Solution for 10.8 is what percent of 10.8:

10.8:10.8*100 =

(10.8*100):10.8 =

1080:10.8 = 100

Now we have: 10.8 is what percent of 10.8 = 100

Question: 10.8 is what percent of 10.8?

Percentage solution with steps:

Step 1: We make the assumption that 10.8 is 100% since it is our output value.

Step 2: We next represent the value we seek with {x}.

Step 3: From step 1, it follows that {100\%}={10.8}.

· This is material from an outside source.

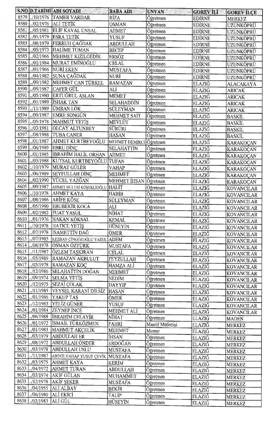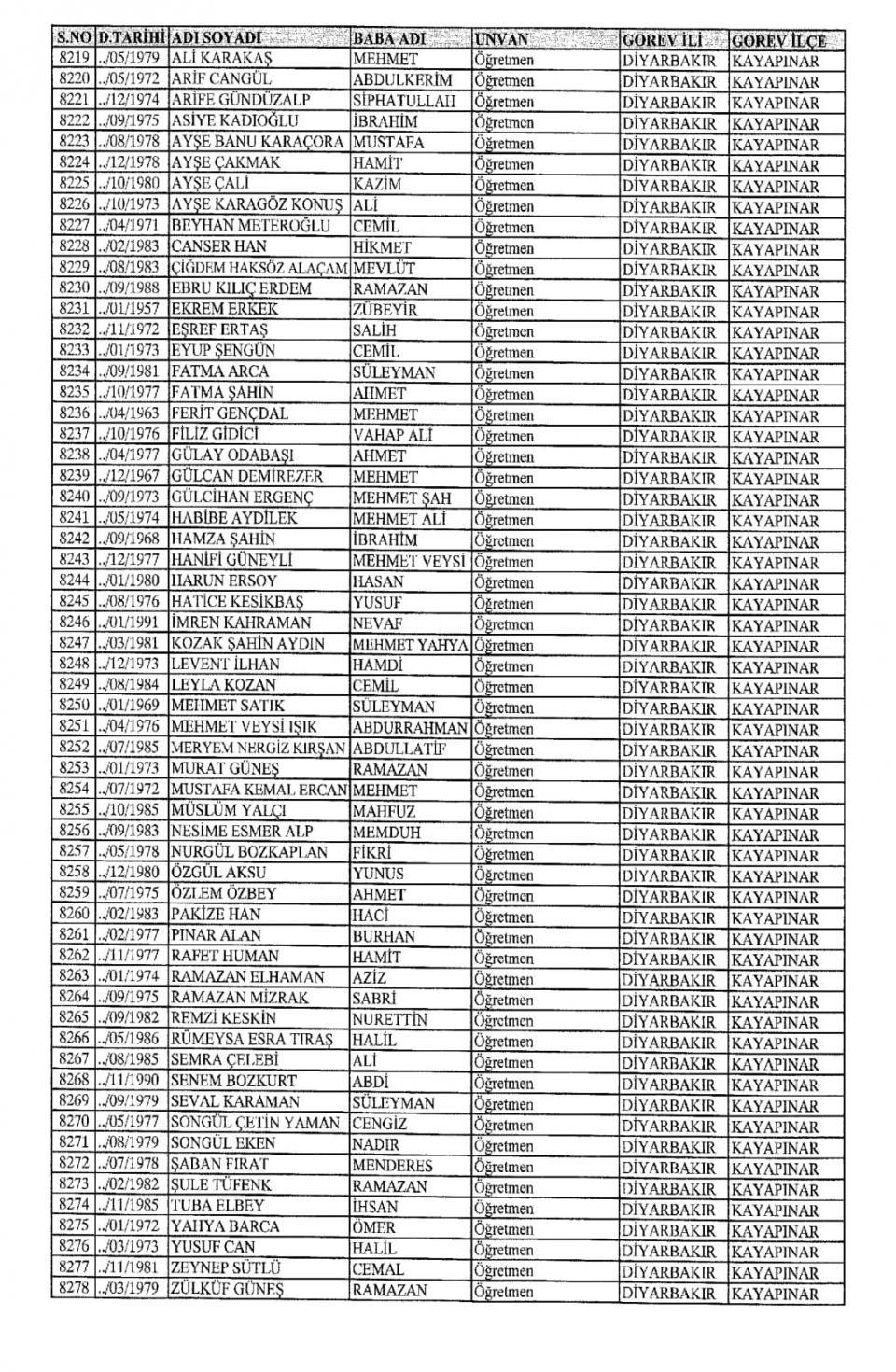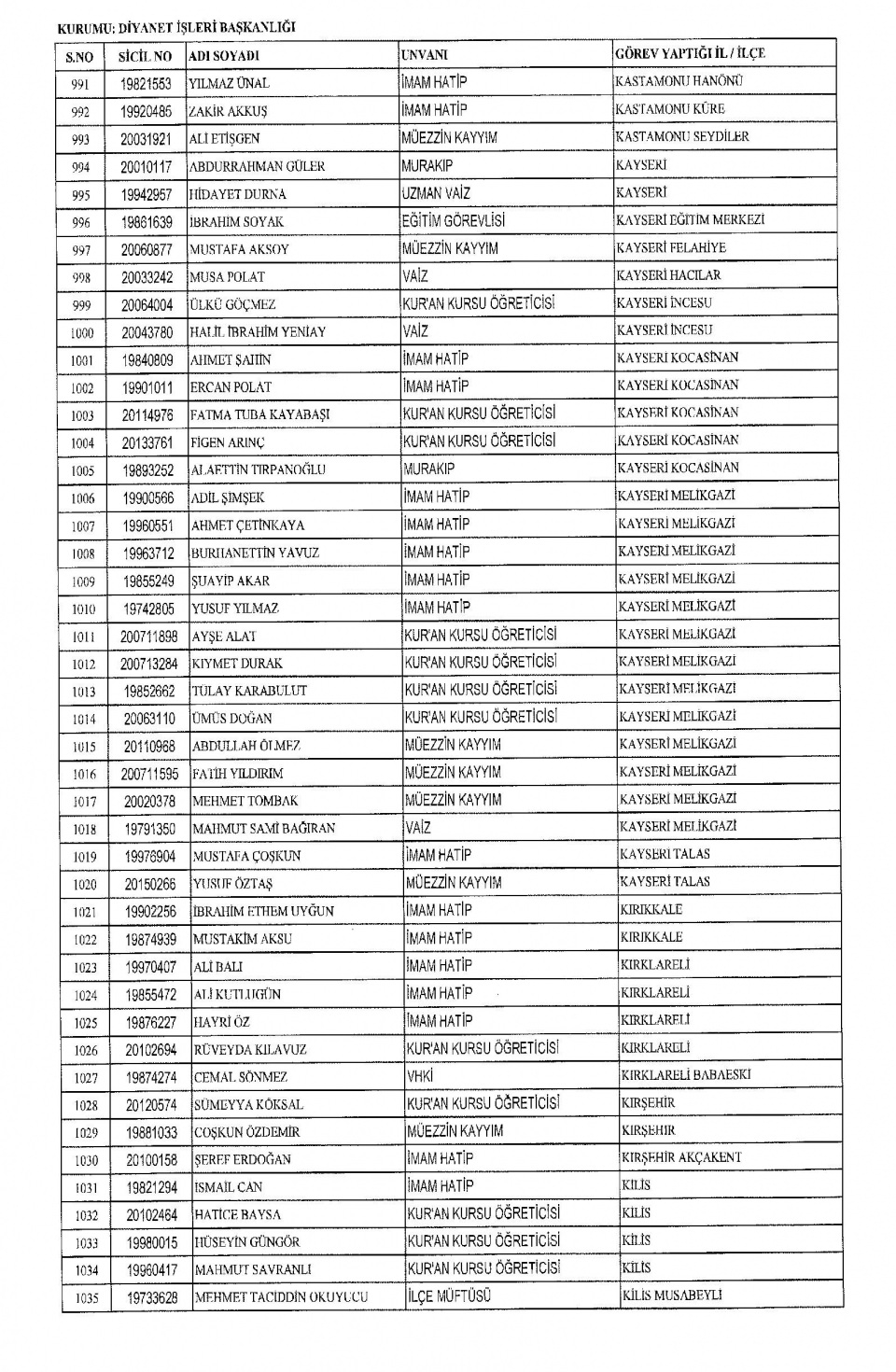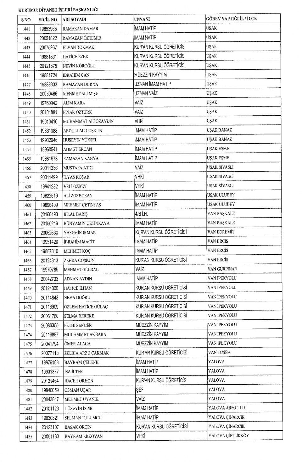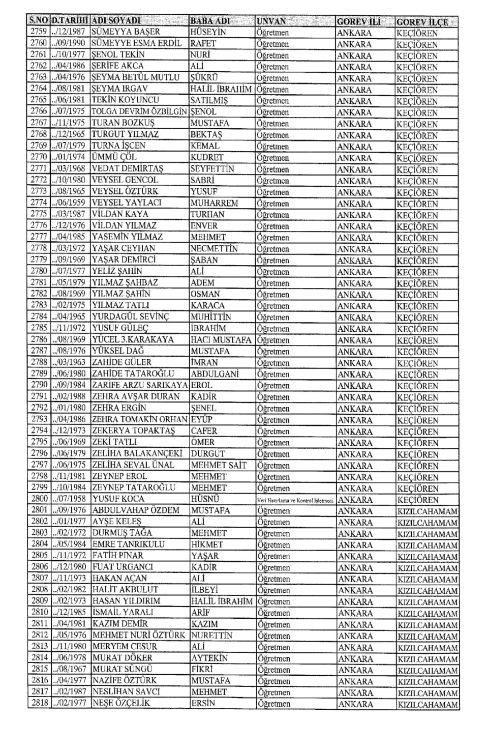 Kamudaki işlerine son verilenlerden 28 bin 163'ü Milli Eğitim Bakanlığı, 2 bin 18'i Sağlık Bakanlığı ve bağlı kuruluşları, 733'ü Gıda, Tarım ve Hayvancılık Bakanlığı ve bağlı kuruluşları, bin 519'u Diyanet İşleri Başkanlığı, 439'u Aile ve Sosyal Politikalar Bakanlığı personelinden oluşuyor.

Step 4: In the same vein, {x\%}={10.8}.

Step 5: This gives us a pair of simple equations:

{100\%}={10.8}(1).

{x\%}={10.8}(2).

Step 6: By simply dividing equation 1 by equation 2 and taking note of the fact that both the LHS
(left hand side) of both equations have the same unit (%); we have

\frac{100\%}{x\%}=\frac{10.8}{10.8}

Step 7: Taking the inverse (or reciprocal) of both sides yields

\frac{x\%}{100\%}=\frac{10.8}{10.8}

\Rightarrow{x} = {100\%}

Therefore, {10.8} is {100\%} of {10.8}.

Solution for 10.8 is what percent of 10.8:

10.8:10.8*100 =

(10.8*100):10.8 =

1080:10.8 = 100

Now we have: 10.8 is what percent of 10.8 = 100

Question: 10.8 is what percent of 10.8?

Percentage solution with steps:

Step 1: We make the assumption that 10.8 is 100% since it is our output value.

Step 2: We next represent the value we seek with {x}.

Step 3: From step 1, it follows that {100\%}={10.8}.

Step 4: In the same vein, {x\%}={10.8}.

Step 5: This gives us a pair of simple equations:

{100\%}={10.8}(1).

{x\%}={10.8}(2).

Step 6: By simply dividing equation 1 by equation 2 and taking note of the fact that both the LHS
(left hand side) of both equations have the same unit (%); we have

\frac{100\%}{x\%}=\frac{10.8}{10.8}

Step 7: Taking the inverse (or reciprocal) of both sides yields

\frac{x\%}{100\%}=\frac{10.8}{10.8}

\Rightarrow{x} = {100\%}

Therefore, {10.8} is {100\%} of {10.8}.